Spurred by books like Paul Ehrlich’s Population Bomb (1968), many influential groups advocate for population control. The Club of Rome (Meadows et al. 1972, 23) states:

If the present growth trends in world population, industrialization, pollution, food production, and resource depletion continue unchanged, the limits to growth on this planet will be reached sometime within the next one hundred years. The most probable result will be a rather sudden and uncontrollable decline in both population and industrial capacity.

They call for a population of around four billion people, realized through freely available birth control and an average of two children per couple. Their book, Limits to Growth, published in 1972, examines the interplay of population, agriculture, natural resources, industry, and pollution in great technical, if outdated, detail [Editor’s Note: A new edition is coming out this summer]. A more simplistic way to think of the interplay of these variables is with Ehrlich’s I = PAT equation, where the human impact (I) is equal to the size of the population (P) times the affluence of the population (A) times technology (T). While it is not safe to quantify such qualitative traits such as affluence and technology, it is a shorthand to see that the more affluent and technologically advanced communities can have a greater impact on the environment.

An obvious step towards curbing our strain on finite natural resources would be to limit populations, but this can approach dangerous territory, namely eugenics and state-defined family planning. We are emphatically against the draconian enforcement of population levels. It is undeniable that a small population will have less impact on its surroundings than a large one, if per-capita use is held constant. On the other hand, if per-capita use is reduced, a larger population can exist safely. It is not for a few people to make this decision, but rather it is something that must be decided by each community: do you choose to spread finite resources equally among more people or fewer?

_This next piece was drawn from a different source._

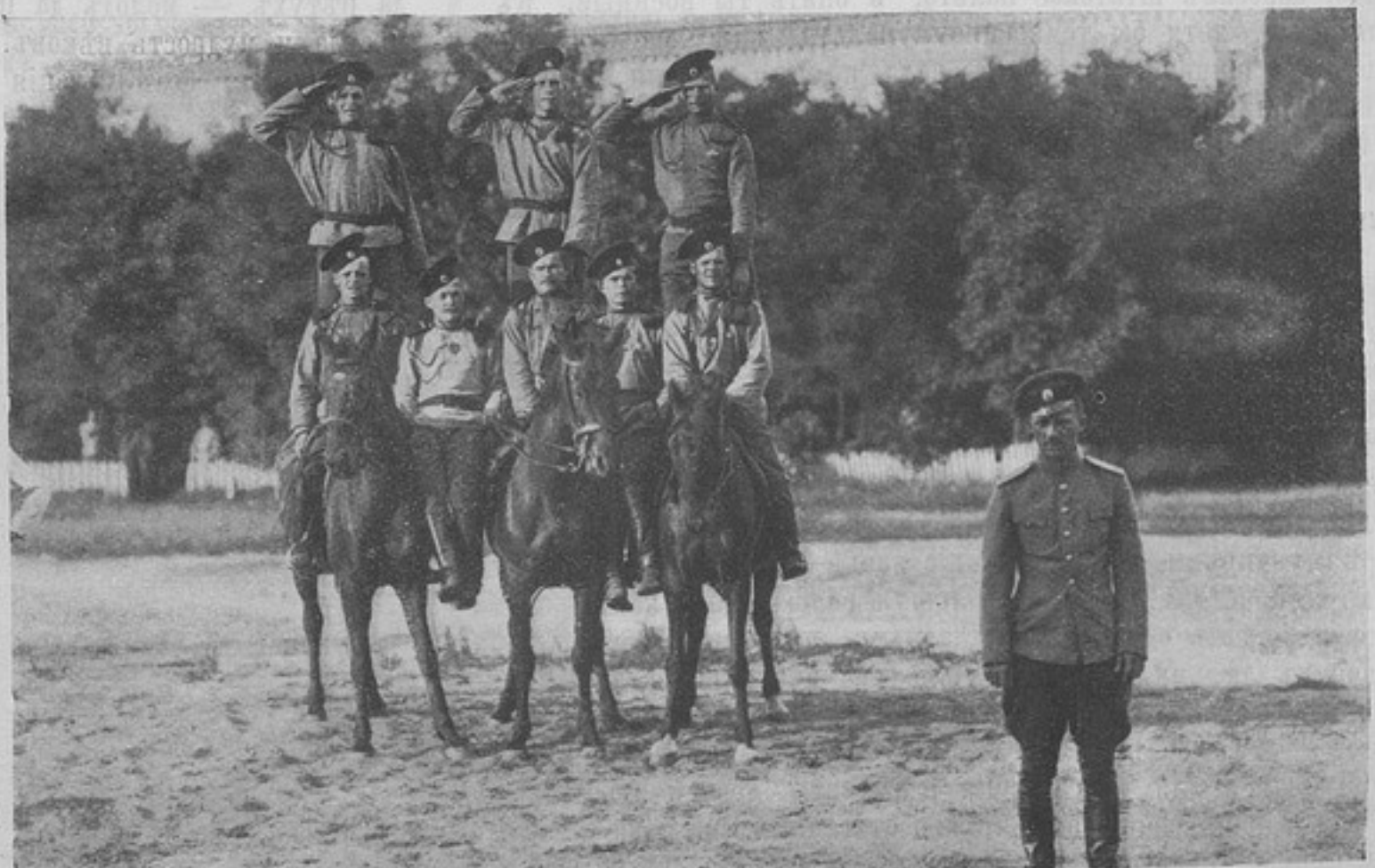
Конный праздникъ въ 4-мъ уланскомъ Харьковскомъ полку въ день столѣтія сраженія у Нацбаха. (Къ корресп. „Бѣлостокъ“).

Еще разъ скажу: цвѣтныя подкладки должны быть исключительнымъ отличіемъ генеральскихъ чиновъ воинскихъ , носимы повседневно только генералами дѣйствительной службы, а отставными генералами въ исключительныхъ и строго опредѣленныхъ случаяхъ; отставнымъ штабъ и оберъ-офицерамъ форму разрѣшить надѣвать въ тѣ же дни, что и генераламъ. Это сказано людьми высоко, въ военномъ дѣлѣ, компетентными и возраженію не подлежитъ.
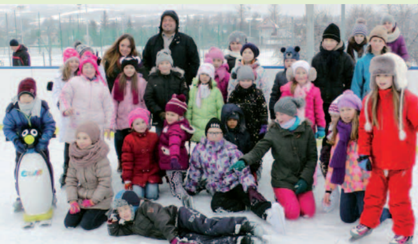
Frekwencja zawsze dopisywała

We would advocate for a stable-state population, but not by creating harsh enforcement mechanisms. Instead, we would rely upon a well-educated population to decide that having a modest number of offspring is the right thing for themselves and their community. Across the world, we see a strong negative correlation between female educational standards and family size: the more educated women are in a given society, the fewer children the average family tends to have. The Blueprint for Survival (Goldsmith et al. 1972, 257) has a well-thought-out approach, which includes a public education campaign about the relationship between population size, resource availability, and the quality of life, as well as complete and open access to family planing information and contraception. Additionally, social pressure has a large influence on the size of families and championing smaller families in communities and media would have an outsized impact.

 

Works Cited

Ehrlich, Paul. 1968. The Population Bomb. New York: Ballantine Books.

Goldsmith, Edward, Robert Allen, Michael Allaby, John Davoll, and Sam Lawrence. 1971. “A Blueprint for Survival.” The Ecologist 2 (1).

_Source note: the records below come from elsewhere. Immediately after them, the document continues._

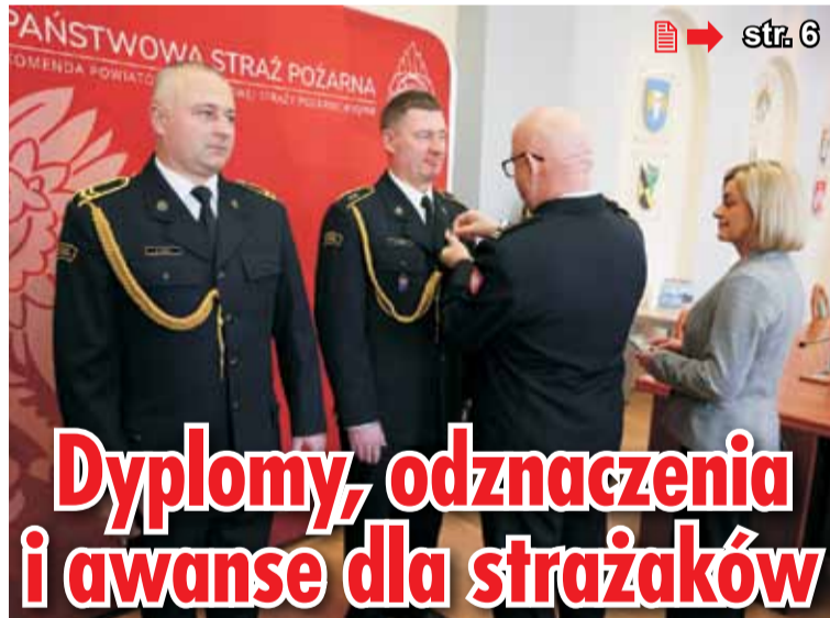
➔ str. 6

150 lat linii kolejowej Kluczbork – Poznań ➔ str. 4
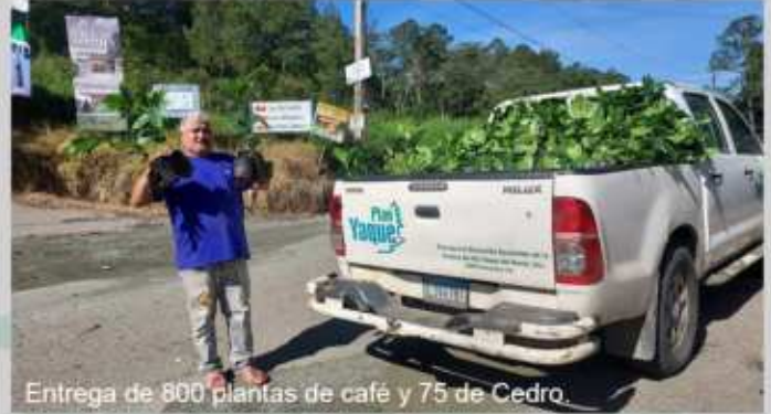
Entrega de 800 plantas de café y 75 de Cedro.

Trabajos realizados dentro del marco del proyecto "Conservación y Fomento de Cobertura" desarrollado por el Fondo Agua Yaque del Norte y el Plan Yaque, Inc en la micro-cuenca Los Dajaos.
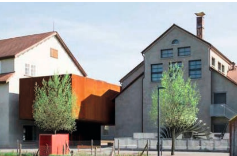
↑ Inatura, Dornbirn
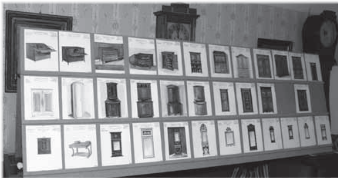
Från Hammarö hembygdsförenings utställning hösten 2011, som Solweig Nyström arrangerat.

samlingsplats. Männerna snickrade och lagade möblerna som fruarna tvättade rena. Onsdags- och lördagskvällarna samlades de till detta arbete. Materialet från Hammarö omfattade även ett stort antal speglar, då snart sagt varje hem gömmer någon, kanske en fästmansgåva eller brudgumspresent.
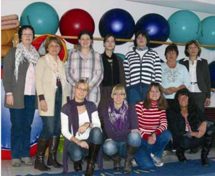
„Mit Eltern im Dialog“ sind die Wetterauer Tagesmütter!
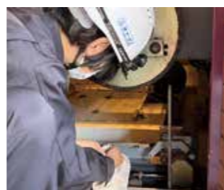
⑥ドアセンサーを掃除し、作動を確認します
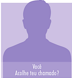
Você Acolhe teu chamado?
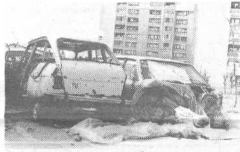
Takšna pa je slika pred Tržaško 50. Novi bloki, svinjarija...
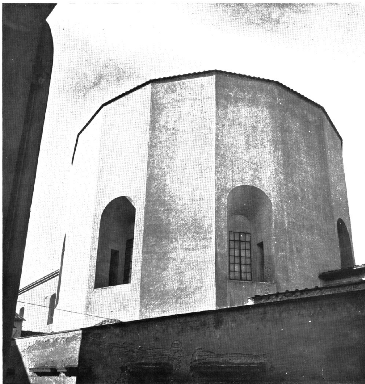
Tamburo della cupola nella Chiesa della S.S. Annunziata di L. Battista Alberti a Firenze.

Malthus, Thomas Robert. 1998. An Essay on the Principle of Population. London: J. Johnson, 1798. Reprint, Electronic Scholarly Publishing Project. Accessed July 1, 2016. http://www.esp.org/books/malthus/population/malthus.pdf.

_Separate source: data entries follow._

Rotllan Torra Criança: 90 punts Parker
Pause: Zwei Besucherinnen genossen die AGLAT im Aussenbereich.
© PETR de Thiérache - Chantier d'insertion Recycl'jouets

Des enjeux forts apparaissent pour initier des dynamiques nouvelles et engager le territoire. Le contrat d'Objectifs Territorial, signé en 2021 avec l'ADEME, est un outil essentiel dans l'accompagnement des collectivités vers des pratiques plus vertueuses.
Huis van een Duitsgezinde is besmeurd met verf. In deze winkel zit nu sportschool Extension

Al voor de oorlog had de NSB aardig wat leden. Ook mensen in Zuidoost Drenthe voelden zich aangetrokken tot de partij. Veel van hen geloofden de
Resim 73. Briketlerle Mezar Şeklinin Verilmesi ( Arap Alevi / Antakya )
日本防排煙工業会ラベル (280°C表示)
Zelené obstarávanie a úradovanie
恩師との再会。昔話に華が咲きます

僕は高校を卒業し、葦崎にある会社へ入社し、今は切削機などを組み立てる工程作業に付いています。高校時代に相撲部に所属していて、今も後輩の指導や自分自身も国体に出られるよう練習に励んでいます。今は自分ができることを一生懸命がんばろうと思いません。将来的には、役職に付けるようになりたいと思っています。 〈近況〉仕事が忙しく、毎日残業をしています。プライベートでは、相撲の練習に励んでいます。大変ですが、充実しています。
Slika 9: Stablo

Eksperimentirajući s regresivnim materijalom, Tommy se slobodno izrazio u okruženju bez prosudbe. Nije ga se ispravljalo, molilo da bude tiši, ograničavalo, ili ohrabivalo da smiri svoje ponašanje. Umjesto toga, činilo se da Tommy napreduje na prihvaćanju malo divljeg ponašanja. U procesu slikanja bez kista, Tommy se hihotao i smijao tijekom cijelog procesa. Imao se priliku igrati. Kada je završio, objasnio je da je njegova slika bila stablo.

Meadows, Donella H., Dennis L. Meadows, Jørgen Randers, and William W. Behrens III. 1972. The Limits to Growth: A Report for the Club of Rome’s Project on the Predicament of Mankind. New York: Universe Books.

United Nations. 2015. World Population Prospects: The 2015 Revision: Key Findings and Advance Tables. New York: United Nations. Accessed June 1. http://esa.un.org/unpd/wpp/publications/files/key_findings_wpp_2015.pdf.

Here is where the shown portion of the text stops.